AI Explainability 360

Interpretability and explainability of data and machine learning models

AI Explainability 360 toolkit is an open-source library that supports interpretability and explainability of datasets and machine learning models. The AI Explainability 360 Python package includes a comprehensive set of algorithms that cover different dimensions of explanations along with proxy explainability metrics. AI Explainability 360 includes methods like: LIME, SHAP, CEM, and others.

Alibi Explain

Algorithms for explaining machine learning models

Alibi is an open source Python library aimed at machine learning model inspection and interpretation. The focus of the library is to provide high-quality implementations of black-box, white-box, local and global explanation methods for classification and regression models. Alibi includes methods like: SHAP, ALE, Counterfactual and others.

Captum

Model interpretability and understanding for PyTorch

Captum is a model interpretability and understanding library for PyTorch. Captum contains general purpose implementations of integrated gradients, saliency maps, smoothgrad, vargrad and others for PyTorch models.
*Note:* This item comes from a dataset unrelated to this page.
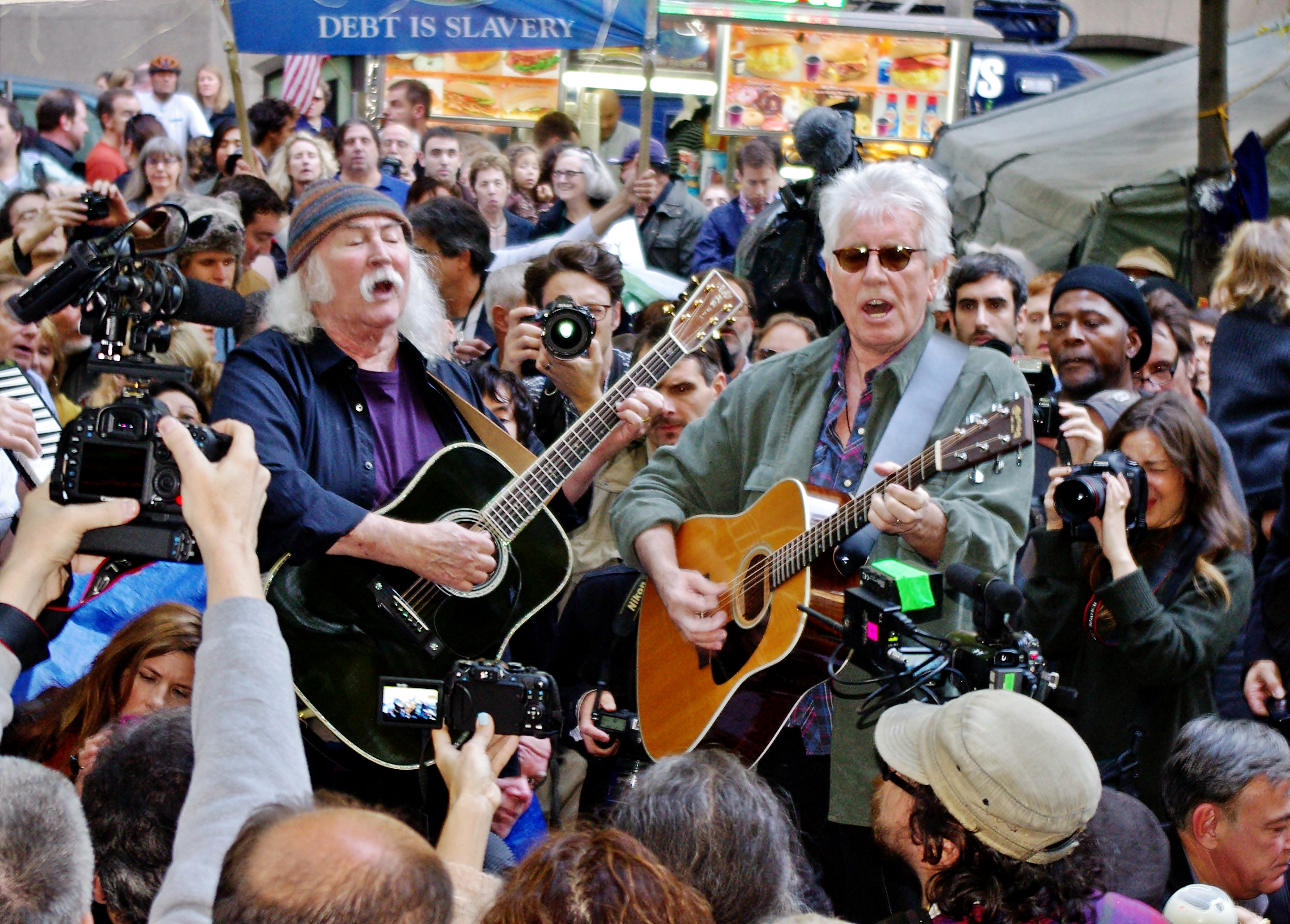 David Crosby and Graham Nash play Occupy Wall Street on Tuesday, November 8.

It has quick integration for models built with domain-specific libraries such as torchvision, torchtext, and others. Captum includes methods like: LIME, SHAP, Integrated gradient, and others.

explainX

Explainable AI framework for explaining and debugging any blackbox machine learning

ExplainX is a model explainability/interpretability framework for data scientists and business users to understand overall model behavior, explain the "why" behind model predictions, remove biases and create convincing explanations. ExplainX includes methods like: SHAP, Linear and Tree models only for tabular data.

InterpretML

Model interpretability framework

InterpretML is an open-source package that incorporates state-of-the-art machine learning interpretability techniques under one roof. With this package, one can train interpretable glassbox models and explain blackbox systems. InterpretML helps you understand your models´ global behavior, or understand the reasons behind individual predictions. InterpretML includes methods like: LIME, SHAP, PDP, CEM, and others.

LIME

Explain the predictions of any ML classifier

LIME (local interpretable model-agnostic explanations) explains what machine learning classifiers or models are doing. LIME supports explaining individual predictions for text classifiers or classifiers that act on tables or images. This package is able to explain any black box classifier, with two or more classes. All is required that the classifier implements a function that takes in raw text or a numpy array and outputs a probability for each class. Support for scikit-learn classifiers is built-in.

OmniXAI

A framework for eXplainable AI

OmniXAI is a Python machine-learning library for explainable AI (XAI), offering omni-way explainable AI and interpretable machine learning capabilities to address many pain points in explaining decisions made by machine learning models in practice. OmniXAI aims to be a one-stop comprehensive library that makes explainable AI easy for data scientists, ML researchers and practitioners who need explanation for various types of data, models and explanation methods at different stages of ML process. OmniXA includes methods like: LIME, SHAP, PDP, ALE, and others.

OpenXAI

A transparent evaluation of model explanations

OpenXAI provides a comprehensive list of functions to systematically evaluate the quality of explanations generated by attribute-based explanation methods. OpenXAI supports the development of new datasets (both synthetic and real-world) and explanation methods, with a strong bent towards promoting systematic, reproducible, and transparent evaluation of explanation methods. OpenXAI is an open-source initiative that comprises of a collection of curated high-stakes datasets, models, and evaluation metrics, and provides a simple and easy-to-use API that enables researchers and practitioners to benchmark explanation methods using just a few lines of code.

SHAP

Game theoretic approach to explain ML models

SHAP (SHapley Additive exPlanations) is a game theoretic approach to explain the output of any machine learning model. It connects optimal credit allocation with local explanations using the classic Shapley values from game theory and their related extensions.